Robert Henderson and the Last Telly Debate

Another 90 minutes of evading the important questions by Tweedledom,Tweededee and Tweedledem. Gordon Grim was his usual dysfunctional self with  a particularly ghastly example of his I-am-an-alien-revealing  smile at the end of the debate, NuTory Boy was a little better than before although embarrassingly feeble when dealing with immigration and the leader of the Party for Adolescents Hello-I’m-Nick- Can-You-Identify-Yourself-Questioner-So-I-Can-Pretend-To-Be-Taking-You- Seriously was, well, very, very adolescent.
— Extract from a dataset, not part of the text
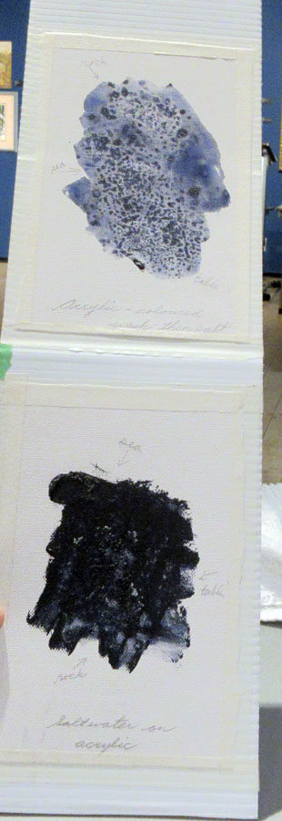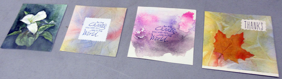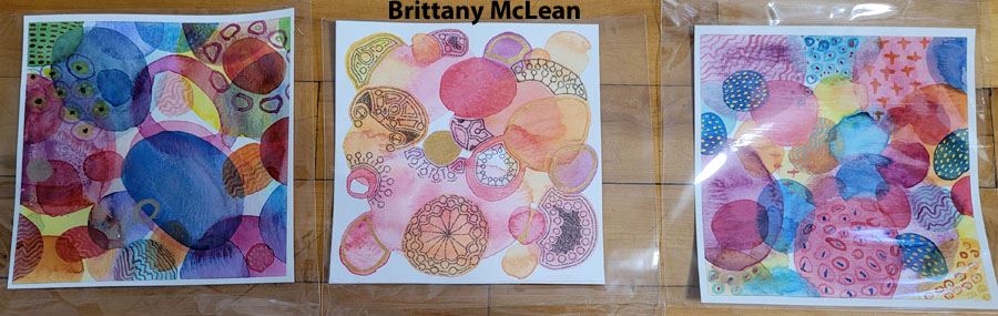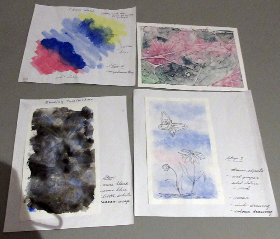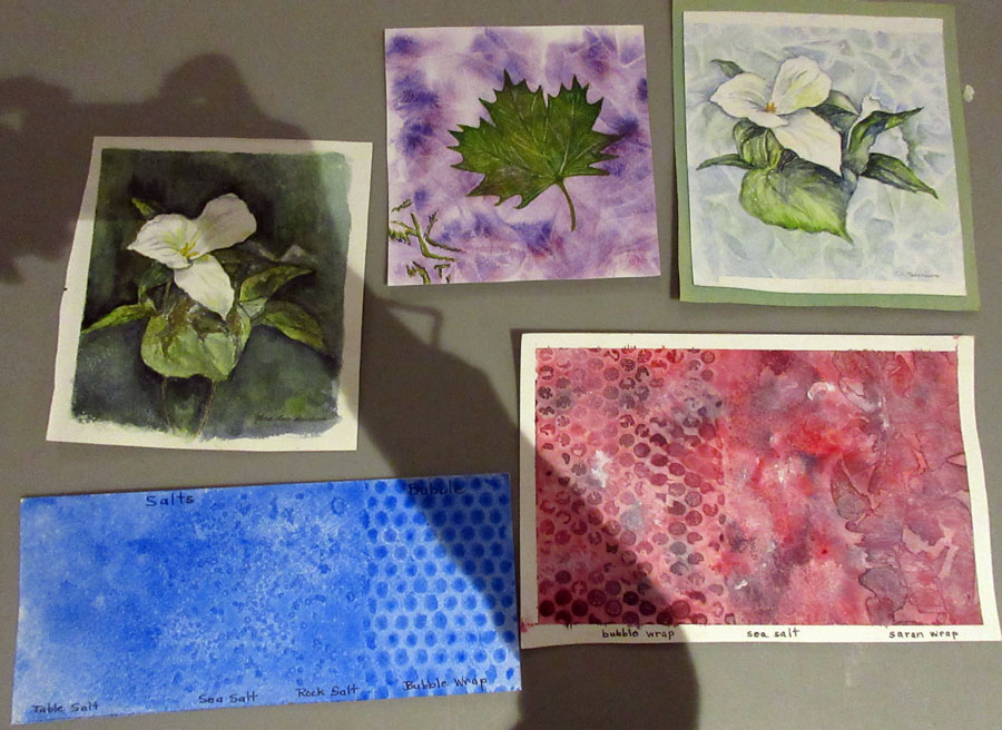 At our meeting Nora Ann Harrison did a very interesting presentation on different types of salt combined with watercolour paint to achieve different effects using plastic wrap and bubble wrap. Nora emphasized playing around with colour and textures. Lots of samples of her work were passed around to view.

Yet again I was appalled by how badly prepared they were when it came to facts. The worst moments were when NuTory Boy was banging on about his proposed “cap” on immigration and Hello-I’m-Nick butted in with “Your cap won’t work because 80% of immigration to Britain comes from the EU”. This was seriously wrong as the majority comes from outside the EU. Not only was Hello-I’m-Nick not in possession of the facts, NuTory Boy wasn’t either,  because he did not contradict him but came out with a shriekingly feeble riposte about transitional arrangements for new applicants to the EU being Tory policy.  What NuTory Boy did not mention was that the most favoured  new entrants under a NuTory Government would be 60 million Turks.
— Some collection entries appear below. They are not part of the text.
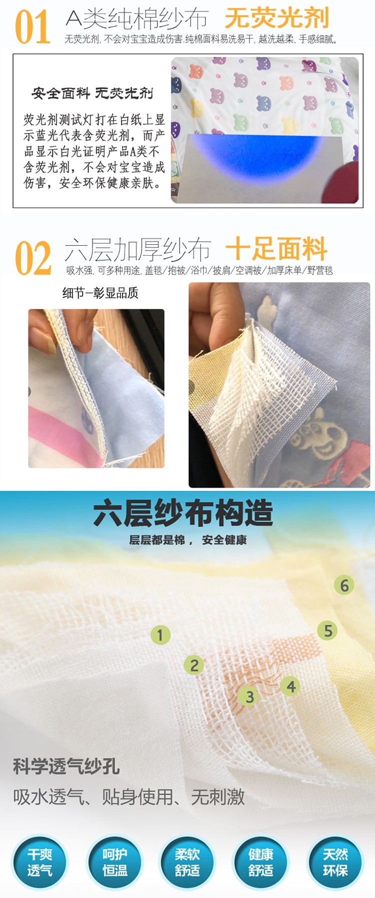 商品名称:朴尔 2021新款经典六层纱布全棉毛巾被系列 熊头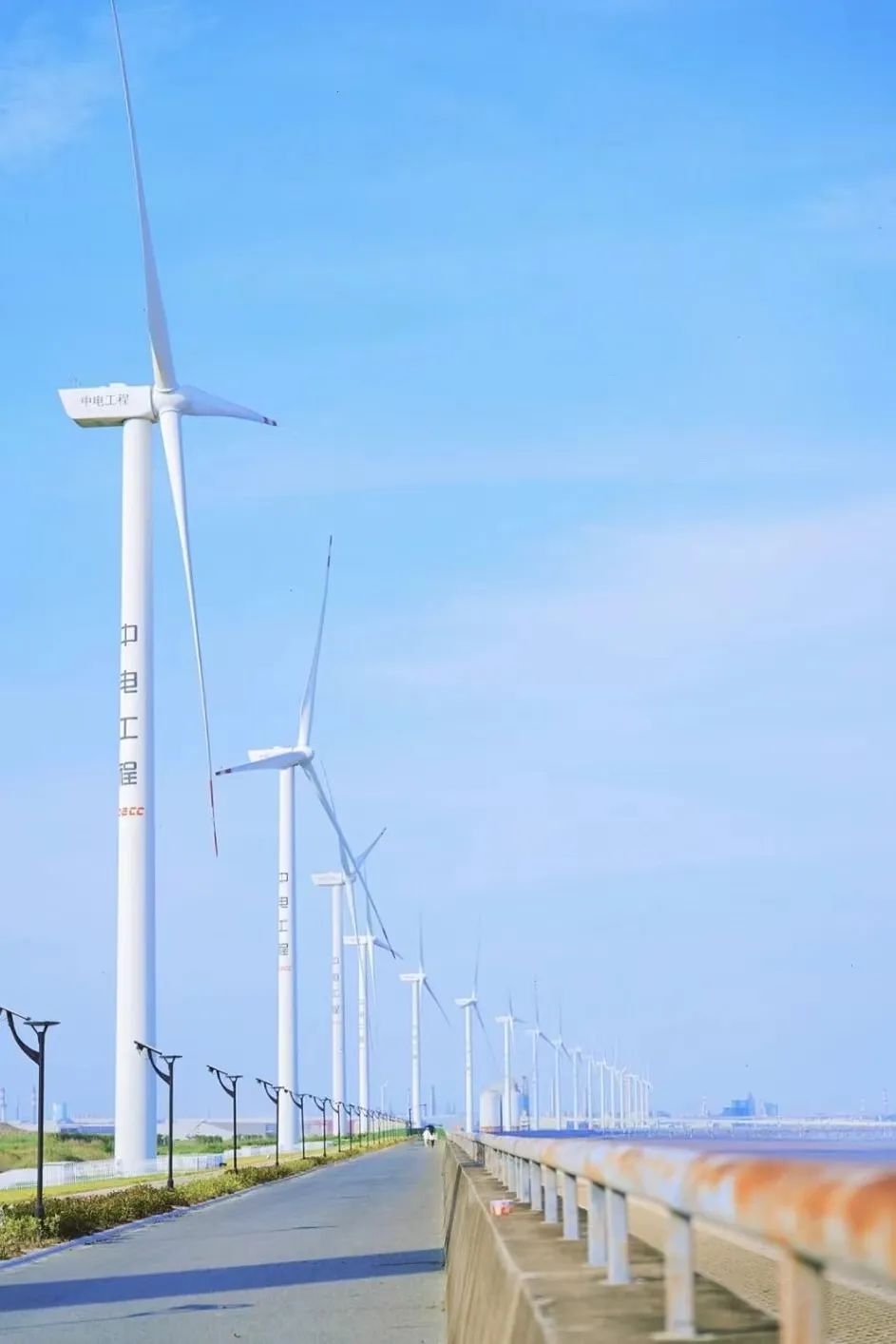 天气好的时候,也是淡蓝色的,配上岸上成排的“大风车”,小清新风也能拿捏。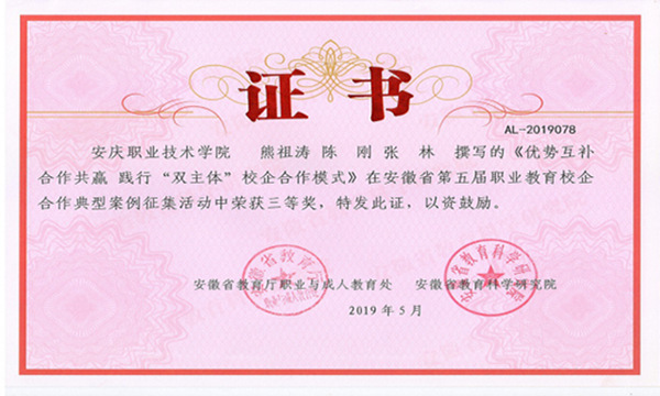 合作4年来,校企联合开发基于工作过程项目化教材9种,并正式出版发行,推进了校企合作专业教学内容创新;双方共同申报的“优势互补合作共赢践行‘双主体’校企合作模式”在安徽省第五届校企合作典型案例征集活动中荣获三等奖;通过校企联合委派指导教师辅导学生参加各类职业技能大赛,荣获安徽省职业技能大赛一等奖2项,二等奖3项,三等奖8项的好成绩;为进一步深化学生德育教育,2019年校企双方党组织共建“思政实践教育基地”在学生的素质教育方面获得多方认可;在2021年度久久久一区二区三区|亚洲精品一区二区三区不|久久av网|精品国产一区二区三区久久久久久|午夜精品av|久久久久久久久久久久久久av|日韩亚洲欧美综合优秀人才培养方案评选中,校企共建计算机网络技术专业人才培养方案获得一等奖;双方共同研究的“基于‘岗课赛证’融通的计算机网络技术专业人才模式的创新与实践”荣获安徽省教学成果奖三等奖。一项项奖牌,一项项荣誉,一项项成果充分体现了校企合作成果,推进了职业教育创新发展步伐。(文、图:陈 刚 审核:疏国会)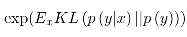 이것은 이미지 분류 모델에 생성 이미지를 입력했을 때, 높은 확률로 클래스 i라고 예측되면, 생성 이미지가 실제 이미지와 비슷하다고 할 수 있습니다. 이것은 p(y|x)로 측정이 가능합니다.

The important issues which got no airing at all in the three debates were:

1. Devolution and especially the democratic deficit caused by England’s lack of a parliament.

2. The differential in Treasury funding between England the  Celtic Fringe with the Celtic Fringe getting per capita approximately £1,600 per head more than the England.
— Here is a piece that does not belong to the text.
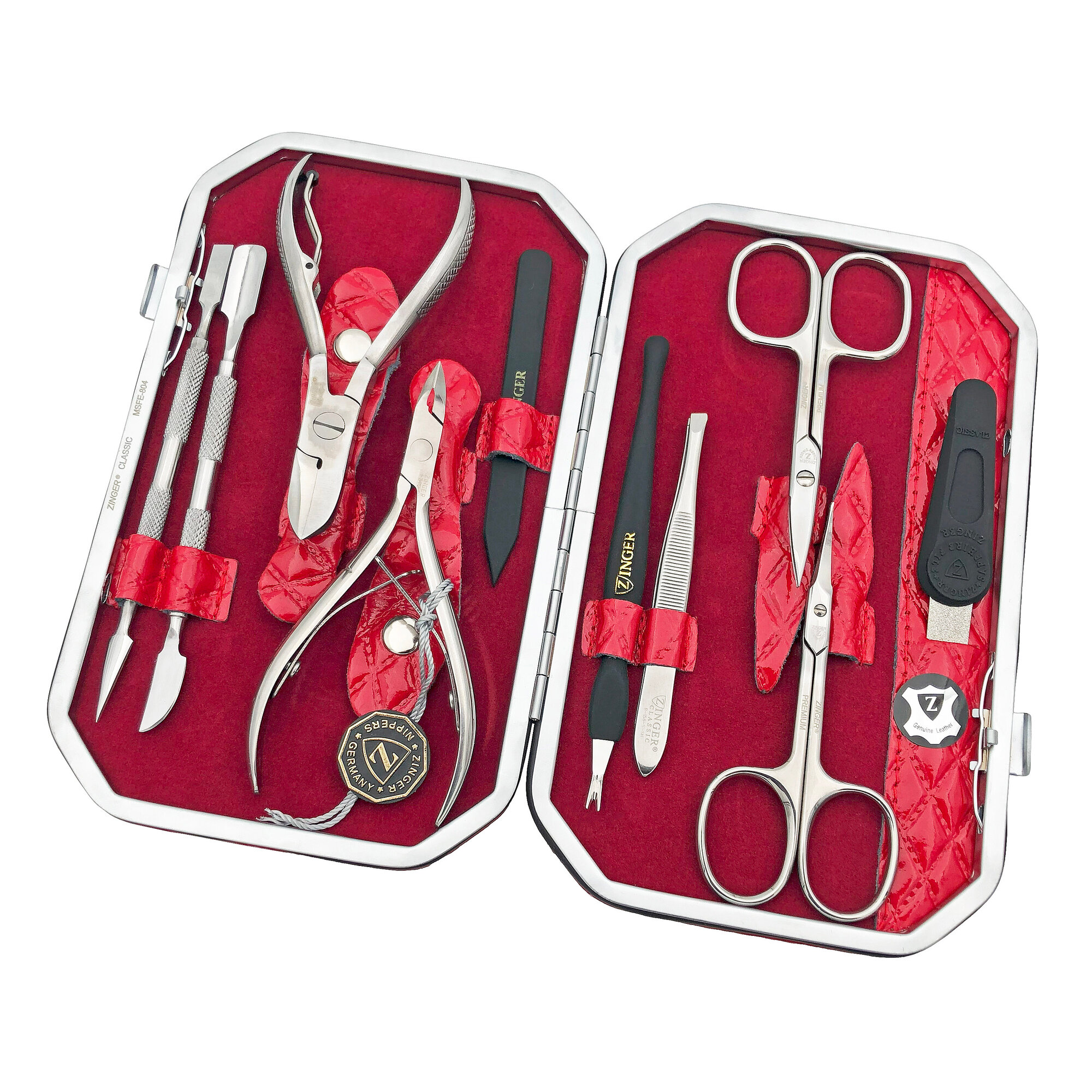 Маникюрный набор MSFE-804-S, ZINGER, 10 предметов, красный крокодил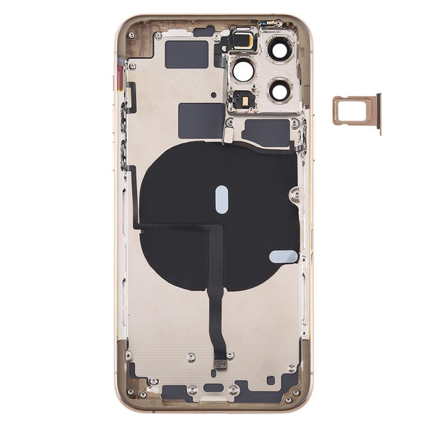 Search terms: iPhone 11 Pro Max, back cover replacement, gold back cover, iPhone repair, wireless charging module, SIM tray, side keys, replacement parts, iPhone parts.

3. The countryside in general and farming in particular.

4. Why we have a military designed not to defend the country but to support NWO escapades such as the war in Iraq.

5. The amount of sovereignty lost to Brussels.

6. The amount of sovereignty lost through other Treaty agreements such as that of the UN Convention on Refugees and the European Declaration of Human Rights.

7. The Effects of the Human Rights Act.

8. The institutionalisation of political correctness through such measures as the Race Relations Amendment Act (2000)and its relentless promotion within our educational system.

9. The gross abridgement of our liberties through a raft of terrorist legislation.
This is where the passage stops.